> [Dataset content]:
_ _ _

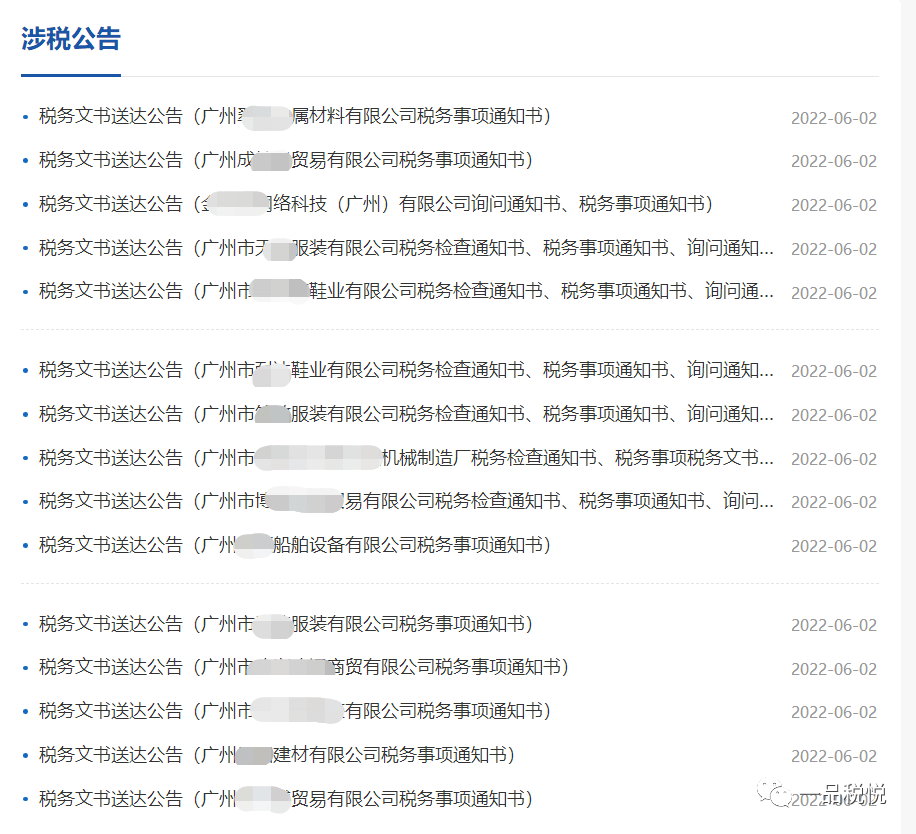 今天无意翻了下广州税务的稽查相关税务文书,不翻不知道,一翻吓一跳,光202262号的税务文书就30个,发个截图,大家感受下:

_ _ _

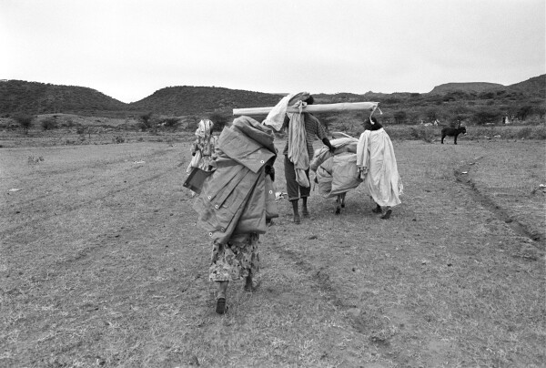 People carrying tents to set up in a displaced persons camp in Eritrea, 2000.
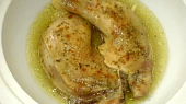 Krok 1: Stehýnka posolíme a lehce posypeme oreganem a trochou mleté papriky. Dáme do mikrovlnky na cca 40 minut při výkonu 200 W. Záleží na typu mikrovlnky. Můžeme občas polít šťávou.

_ _ _

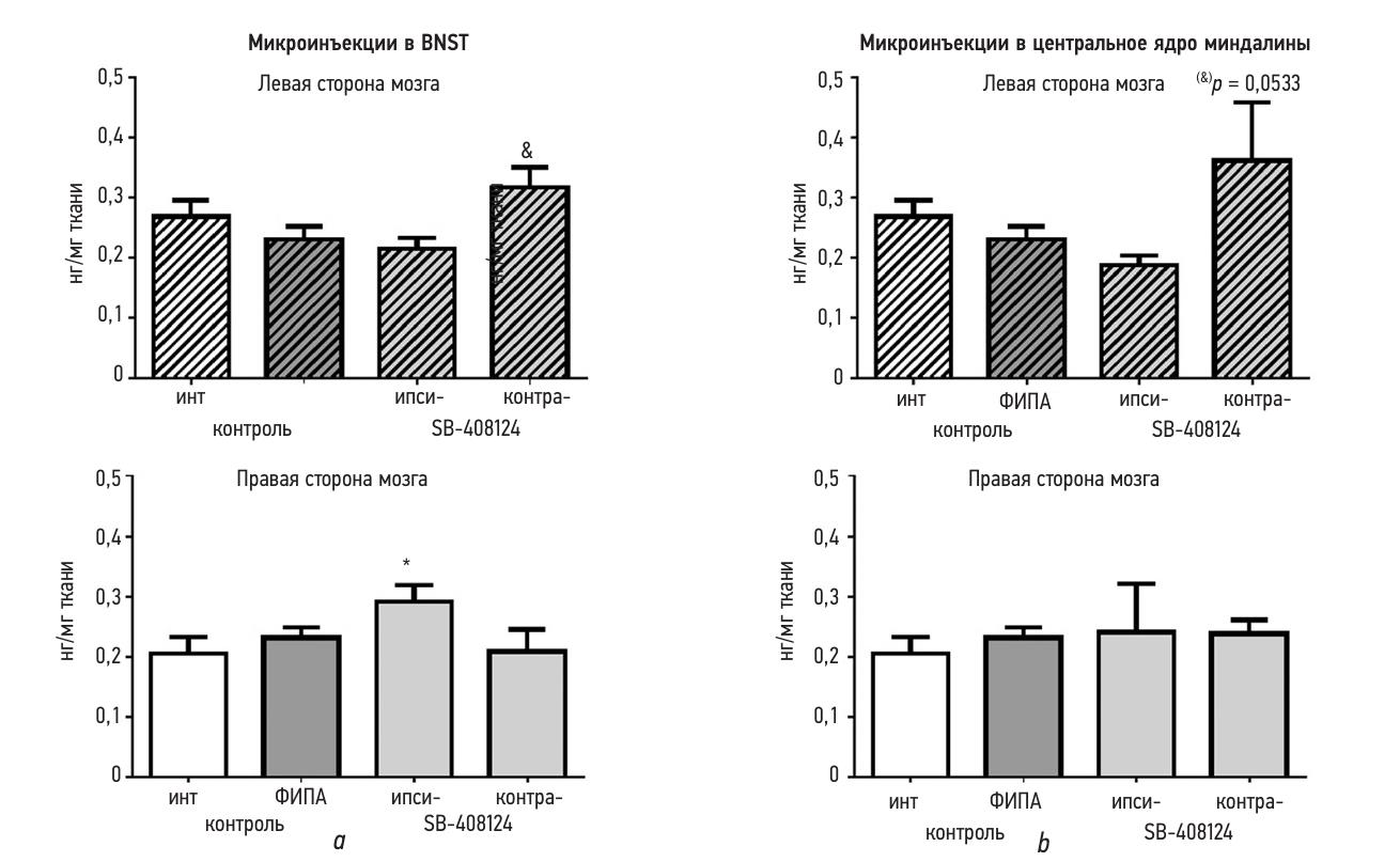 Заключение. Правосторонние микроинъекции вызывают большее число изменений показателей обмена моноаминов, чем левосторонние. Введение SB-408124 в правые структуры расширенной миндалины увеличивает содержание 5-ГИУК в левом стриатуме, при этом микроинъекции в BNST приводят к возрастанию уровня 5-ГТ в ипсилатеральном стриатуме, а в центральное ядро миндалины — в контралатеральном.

_ _ _

> [Aim of the exercise]: What lines above run from the one with "People carrying tents" to the one with "Krok 1: Stehýnka"? Give them again exactly, ends included, and leave the pictures out.

> [Written answer]:
 People carrying tents to set up in a displaced persons camp in Eritrea, 2000.
 Krok 1: Stehýnka posolíme a lehce posypeme oreganem a trochou mleté papriky. Dáme do mikrovlnky na cca 40 minut při výkonu 200 W. Záleží na typu mikrovlnky. Můžeme občas polít šťávou.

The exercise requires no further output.